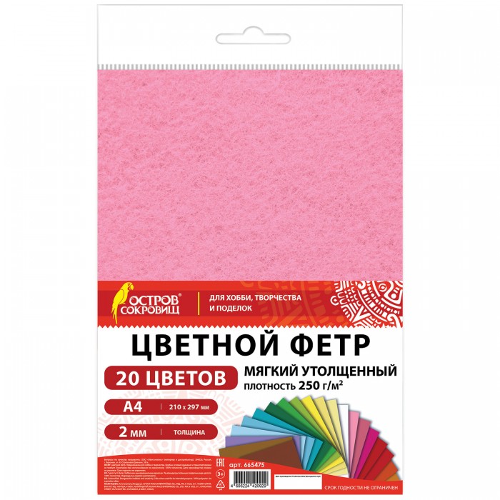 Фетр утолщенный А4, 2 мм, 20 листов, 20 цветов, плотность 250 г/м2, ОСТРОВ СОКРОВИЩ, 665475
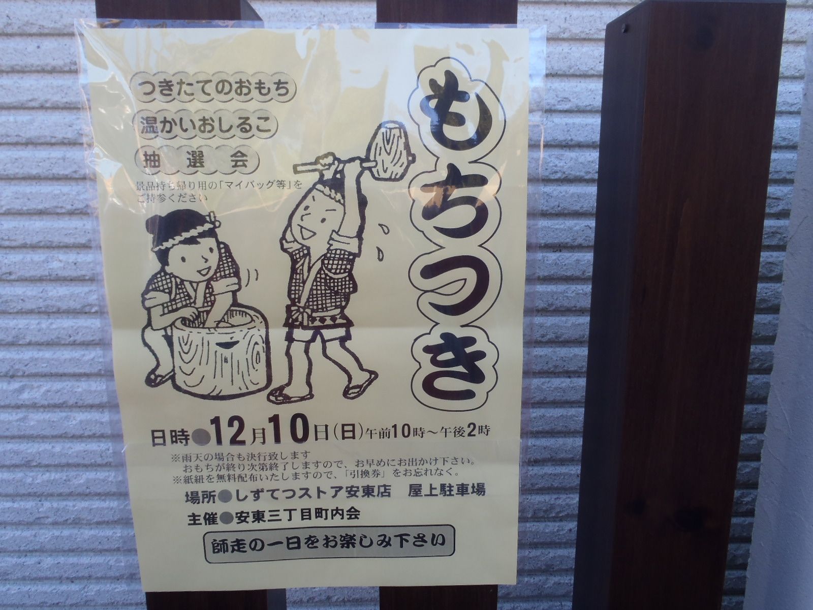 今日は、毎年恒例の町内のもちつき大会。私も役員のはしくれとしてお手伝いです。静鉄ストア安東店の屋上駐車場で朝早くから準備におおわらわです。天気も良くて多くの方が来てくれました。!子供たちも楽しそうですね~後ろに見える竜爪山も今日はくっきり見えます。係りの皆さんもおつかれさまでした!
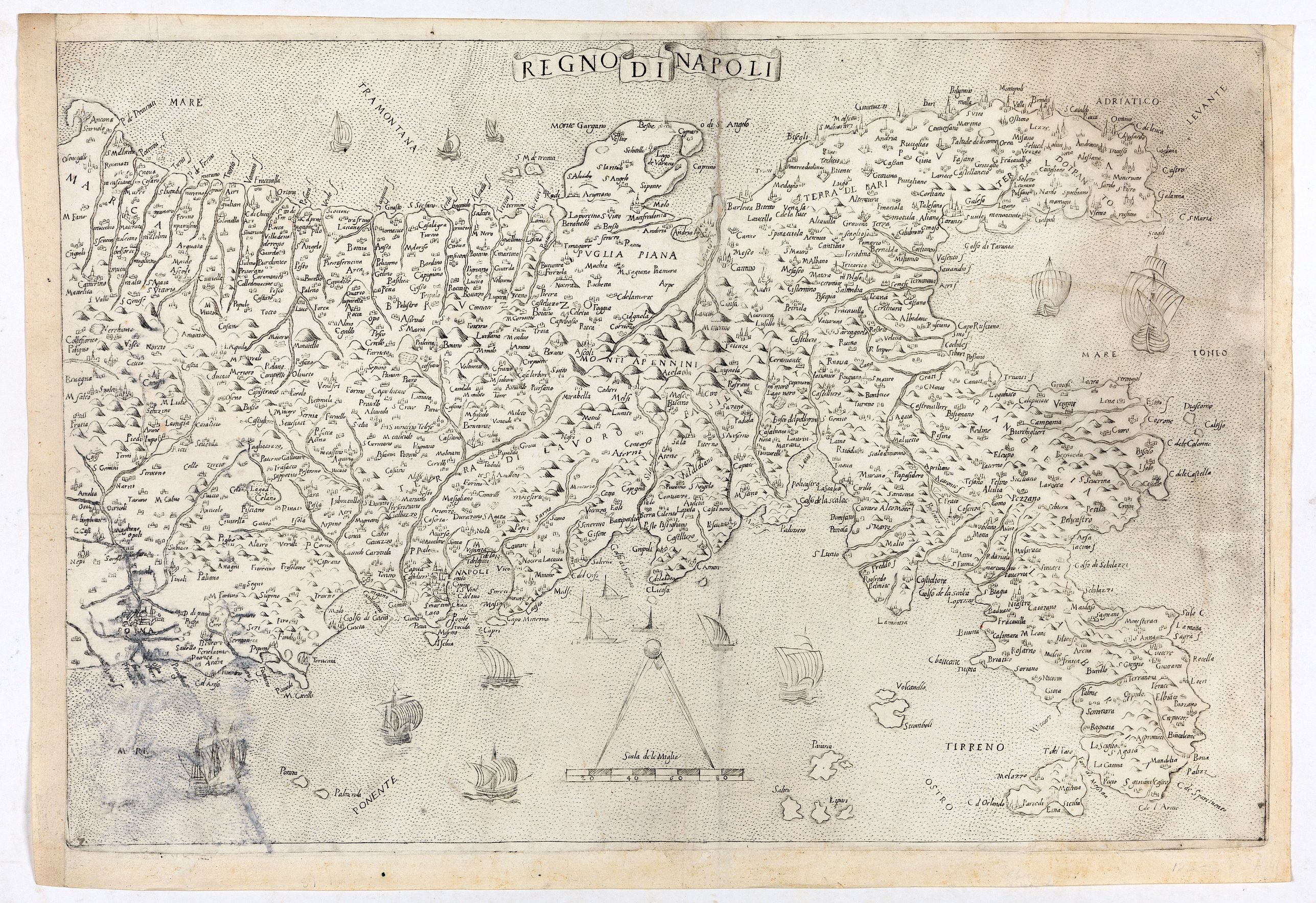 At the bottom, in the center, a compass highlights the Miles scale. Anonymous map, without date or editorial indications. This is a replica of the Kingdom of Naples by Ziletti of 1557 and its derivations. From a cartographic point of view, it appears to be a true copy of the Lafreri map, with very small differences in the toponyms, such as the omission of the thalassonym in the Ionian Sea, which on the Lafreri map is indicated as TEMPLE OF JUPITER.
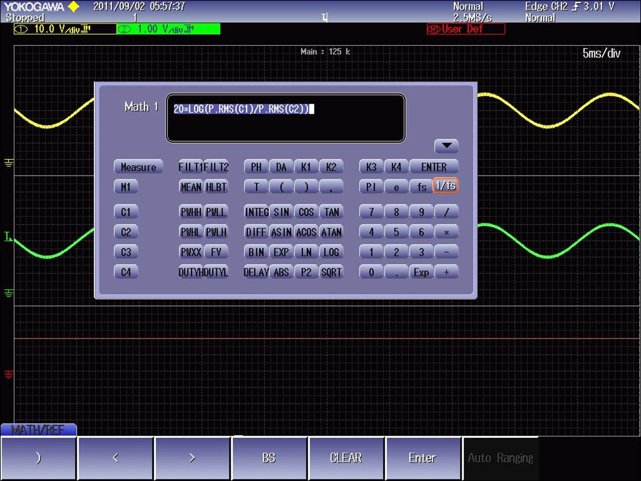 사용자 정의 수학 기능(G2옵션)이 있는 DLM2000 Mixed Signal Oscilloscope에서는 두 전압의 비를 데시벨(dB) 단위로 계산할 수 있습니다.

**Aim of the task**
Every last line above must be reproduced as written, and no pictures belong in the copy.

**Your response**
 Фетр утолщенный А4, 2 мм, 20 листов, 20 цветов, плотность 250 г/м2, ОСТРОВ СОКРОВИЩ, 665475
 今日は、毎年恒例の町内のもちつき大会。私も役員のはしくれとしてお手伝いです。静鉄ストア安東店の屋上駐車場で朝早くから準備におおわらわです。天気も良くて多くの方が来てくれました。!子供たちも楽しそうですね~後ろに見える竜爪山も今日はくっきり見えます。係りの皆さんもおつかれさまでした!
 At the bottom, in the center, a compass highlights the Miles scale. Anonymous map, without date or editorial indications. This is a replica of the Kingdom of Naples by Ziletti of 1557 and its derivations. From a cartographic point of view, it appears to be a true copy of the Lafreri map, with very small differences in the toponyms, such as the omission of the thalassonym in the Ionian Sea, which on the Lafreri map is indicated as TEMPLE OF JUPITER.
 사용자 정의 수학 기능(G2옵션)이 있는 DLM2000 Mixed Signal Oscilloscope에서는 두 전압의 비를 데시벨(dB) 단위로 계산할 수 있습니다.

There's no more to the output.